1965 to 81: University of Illinois at Chicago Circle (UICC)
After the war, and after the wave of returning veterans seeking education benefits under the G.I. Bill had passed through, demand for a public university in Chicago remained high. The university made plans to create a permanent, degree-granting campus in the Chicago area.
The site was a 100-acre parcel at the junction of Greektown and Little Italy. To accommodate a planned student body of 32,000 in such a small area, famed Chicago architect Walter Netsch arrayed the campus buildings in concentric rings, like a droplet of water.
The University of Illinois at Chicago Circle – named for the nearby ultra-modern freeway interchange – opened in February 1965. “Circle,” as it was called, was a degree-granting institution, with ambitions to become a great university. A member of the faculty proudly noted it was the first university to be named for a transportation feature since Oxford and Cambridge.
Within five years of the campus’s opening – a period during which it was the fastest growing campus in the country – enrollment grew from 5,000 to 18,000 and almost every department offered graduate degrees. Befitting the location of the campus at a crossroads of immigration, many of Circle’s students were first in their families to attend college – as are many of UIC’s students today.
Despite opposition fears that a merger would harm Circle’s urban mission or the reputations of the medical faculty, former university president Stanley Ikenberry signaled his support for unifying the Medical Center and Circle campuses by walking from one to the other. The new UIC was created in 1982 and within five years had attained Carnegie “Research I” classification.

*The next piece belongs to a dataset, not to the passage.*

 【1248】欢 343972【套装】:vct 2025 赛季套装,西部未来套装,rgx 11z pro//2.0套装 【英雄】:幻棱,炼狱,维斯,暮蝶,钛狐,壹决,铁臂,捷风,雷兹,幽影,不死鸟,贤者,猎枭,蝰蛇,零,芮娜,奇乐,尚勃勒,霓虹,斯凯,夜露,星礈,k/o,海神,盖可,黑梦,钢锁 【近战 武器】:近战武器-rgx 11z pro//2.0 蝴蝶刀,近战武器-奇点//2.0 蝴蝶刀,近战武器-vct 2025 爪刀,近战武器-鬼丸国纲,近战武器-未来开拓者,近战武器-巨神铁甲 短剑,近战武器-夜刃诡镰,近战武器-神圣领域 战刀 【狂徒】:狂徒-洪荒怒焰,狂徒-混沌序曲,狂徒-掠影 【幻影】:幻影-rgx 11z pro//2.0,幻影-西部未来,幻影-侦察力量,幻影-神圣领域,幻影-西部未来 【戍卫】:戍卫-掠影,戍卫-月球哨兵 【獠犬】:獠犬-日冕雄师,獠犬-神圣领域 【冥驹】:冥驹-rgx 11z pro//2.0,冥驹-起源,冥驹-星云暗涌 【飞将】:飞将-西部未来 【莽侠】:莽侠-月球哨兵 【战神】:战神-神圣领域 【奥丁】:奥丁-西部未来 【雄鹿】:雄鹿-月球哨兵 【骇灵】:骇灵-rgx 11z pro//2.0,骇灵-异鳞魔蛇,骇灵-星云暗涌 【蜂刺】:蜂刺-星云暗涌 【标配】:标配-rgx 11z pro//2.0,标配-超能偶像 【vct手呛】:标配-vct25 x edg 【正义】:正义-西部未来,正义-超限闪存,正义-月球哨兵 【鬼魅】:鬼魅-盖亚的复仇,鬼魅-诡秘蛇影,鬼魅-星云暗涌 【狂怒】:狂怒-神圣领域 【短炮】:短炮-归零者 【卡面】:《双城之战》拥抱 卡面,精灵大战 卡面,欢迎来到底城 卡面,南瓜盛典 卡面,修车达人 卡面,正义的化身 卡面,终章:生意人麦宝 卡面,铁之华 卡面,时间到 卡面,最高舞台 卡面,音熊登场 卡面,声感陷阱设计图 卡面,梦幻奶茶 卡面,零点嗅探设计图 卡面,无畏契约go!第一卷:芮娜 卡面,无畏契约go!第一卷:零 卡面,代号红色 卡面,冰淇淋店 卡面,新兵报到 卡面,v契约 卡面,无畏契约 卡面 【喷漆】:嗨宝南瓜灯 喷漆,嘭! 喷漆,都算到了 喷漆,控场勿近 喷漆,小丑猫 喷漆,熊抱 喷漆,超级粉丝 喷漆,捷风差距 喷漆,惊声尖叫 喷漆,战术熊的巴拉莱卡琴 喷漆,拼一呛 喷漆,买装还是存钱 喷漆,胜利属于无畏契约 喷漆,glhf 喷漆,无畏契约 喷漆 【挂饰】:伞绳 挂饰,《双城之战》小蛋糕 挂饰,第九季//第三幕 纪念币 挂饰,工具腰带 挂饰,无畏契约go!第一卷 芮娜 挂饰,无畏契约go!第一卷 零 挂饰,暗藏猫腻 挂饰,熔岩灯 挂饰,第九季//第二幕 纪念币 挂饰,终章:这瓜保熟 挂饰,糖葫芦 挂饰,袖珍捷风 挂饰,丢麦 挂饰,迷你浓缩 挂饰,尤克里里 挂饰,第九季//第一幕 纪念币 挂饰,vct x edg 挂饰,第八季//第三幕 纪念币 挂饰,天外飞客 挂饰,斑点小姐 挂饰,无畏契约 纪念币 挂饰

1982 and on: University of Illinois at Chicago (UIC)
UIC was born in 1982, when the Circle and Medical Center campuses consolidated to form a comprehensive university campus with six health science colleges and an academic medical center. Consolidation helped UIC reach elite Carnegie “Research I” status.
In 1993, then-UIC Chancellor (and later UI President) James Stukel launched the Great Cities Initiative to join UIC teaching and research with community, corporate and government partners in tackling urban challenges. Renamed the Great Cities Commitment at it’s ten-year mark, the signature program integrates research with genuine community engagement.
UIC’s newest residence hall opened in 2007 and was the capstone of UIC’s South Campus development, a public-private partnership that brought student housing, retail stores, restaurants and private residences to the historic Maxwell Street neighborhood. The influx of faculty and staff families and the expansion of student housing helped UIC change from a daytime commuter campus into a vibrant, 24-hour academic community. Today, about half of UIC freshmen and one-fourth of undergraduates live on campus.
Navy Pier’s athletic teams were known as the “Chi-Illini.” The move to Circle campus brought a new identity as the “Chikas” in homage to the Chikasaw nation.
When UIC was created, students selected the “Flames” as team name, recalling the 1871 Chicago fire. Mascot Sparky D. Dragon has fired up fans for more than 20 years.